Inexplicably, she could now absorb the life force from animals. By simply placing her palms upon the creatures, she could drain their life – and their memories – into herself.

She used this new power to heal herself over the course of many moons. In the process, she forged a connection with the forest. Aside from some choice furs, she stopped wearing clothing, preferring instead the freedom of nakedness. There amongst the creatures and trees, she was free of gossip, betrayal, politics, etiquette, and all the blankets of humanity that smothered her in her former life. Alas, that freedom was not meant to last.

Yestermorn, shortly after sunrise, agony pierced her skull. In the same instant, all the birds in the forest took flight into the darkening sky. She commanded them to return, but they ignored her.

They. Ignored. Her.

Since that moment, a fracture has festered in her mind. She spent all of yesterday preparing, at last, to leave the forest. She tore down her primitive shelter and cleaned her simple white dress. Her heart throbbed with dread.

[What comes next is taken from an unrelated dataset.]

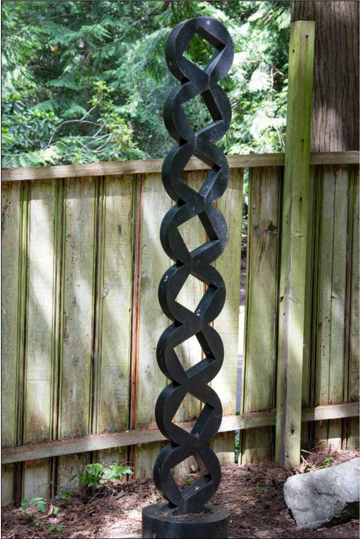
Form of Chain, Kenji Gomi (Resin & Stainless Steel)

Last night was the first time she really missed her spells. It was also the first time she felt truly afraid.

She couldn’t sleep. It was as if whatever path inside her skull led from wakefulness to dreaming had been destroyed. Whenever she tried to sleep, she saw only bright red flashes of anger, black bruises of pain, and white patches of thirst. Snow. These visions kept her stuck awake like a bug trapped in a web.